ABSTRACT In the nervous system, G protein coupled receptors (GPCRs) serve to detect the precise spatial and temporal pattern of neurotransmitter release to modulate synaptic transmission. The metabotropic glutamate receptors (mGluRs) are family C GPCRs that sense the excitatory neurotransmitter glutamate. mGluRs are constitutive dimers with a large extracellular ligand binding domain which is connected to a seven-helix transmembrane domain via an intermediate cysteine-rich linker. There are eight mGluR subtypes, which are expressed in overlapping regions of the brain and play distinct roles at the synapse. Additionally, mGluRs readily form heterodimers, increasing the molecular diversity and functional complexity of this system. Recent breakthroughs in cryogenic electron microscopy (cryo-EM) have led to full-length structures of mGluRs, providing an improved understanding of the overall architecture of this receptor. However, these structures raise further questions regarding the dynamic rearrangements that occur upon activation. While the extracellular domain is known to undergo glutamate-induced rearrangements, how these conformational changes are coupled to yield activation and G protein recruitment at the TMD remains to be defined. Additionally, how this coupling is tuned across mGluR homo- and heterodimer subtypes to produce the observed differences in activation properties is unknown. The group II mGluRs are ideal candidates for addressing these questions and are the focus of this proposal. Group II mGluRs consist of mGluR2 and mGluR3, which have the highest sequence homology of all mGluRs, yet still show distinct glutamate affinity, kinetics, and basal activity. Furthermore, mGluR2 and mGluR3 readily heterodimerize in the brain. In this proposal, I will use a combination of cryo-EM structural analysis and functional assays in addition to subtype specific pharmacological compounds. Using these tools, I will probe the conformational dynamics of group II mGluRs, with a focus on the allosteric mechanisms that couple ligand binding to transmembrane domain activation. Together, this work will provide a high-resolution picture of activation for mGluR homo- and heterodimers.
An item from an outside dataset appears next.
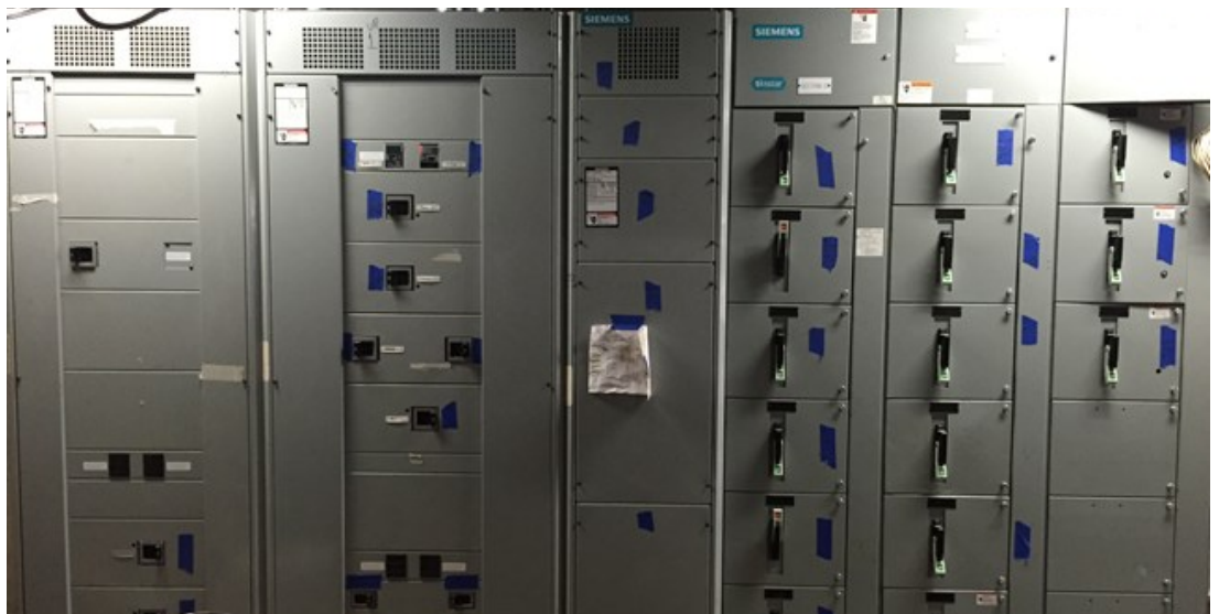
The new MSB at Gentry has been installed.
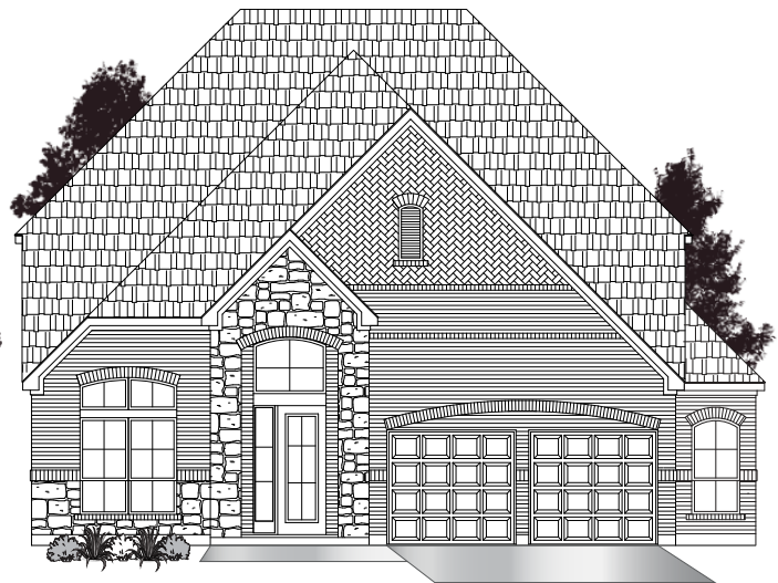
· ELEVATION B2 ·

抽象的 在神经系统中，G 蛋白偶联受体 (GPCR) 用于检测精确的空间和时间信号。 神经递质释放模式以调节突触传递。代谢型谷氨酸受体 (mGluR) 是 C 族 GPCR，可感知兴奋性神经递质谷氨酸。 mGluR 是组成型的 具有大的细胞外配体结合结构域的二聚体，该结构域连接到七螺旋跨膜 通过中间富含半胱氨酸的接头的结构域。 mGluR 有八种亚型，其表达形式为 大脑的重叠区域并在突触中发挥不同的作用。此外，mGluR 很容易形成 异二聚体，增加了该系统的分子多样性和功能复杂性。近期突破 低温电子显微镜 (cryo-EM) 的研究已经获得了 mGluR 的全长结构，从而提供了改进的 了解该受体的整体结构。然而，这些结构引发了进一步的问题 关于激活时发生的动态重排。虽然已知细胞外结构域 经历谷氨酸诱导的重排，这些构象变化如何耦合以产生激活 TMD 处的 G 蛋白募集仍有待定义。此外，如何调整这种耦合 mGluR 同二聚体和异二聚体亚型产生观察到的激活特性差异 未知。 II 组 mGluR 是解决这些问题的理想候选者，也是本文的重点 提议。 II 组 mGluR 由 mGluR2 和 mGluR3 组成，它们在所有 mGluR 中具有最高的序列同源性 mGluR，但仍表现出独特的谷氨酸亲和力、动力学和基础活性。此外，mGluR2 和 mGluR3 很容易在大脑中形成异二聚体。在这个提案中，我将结合使用冷冻电镜结构分析和 除了亚型特定药理学化合物之外的功能测定。使用这些工具，我将探究 II 组 mGluR 的构象动力学，重点关注配体偶联的变构机制 结合跨膜结构域激活。总之，这项工作将提供一个高分辨率的图片 mGluR 同二聚体和异二聚体的激活。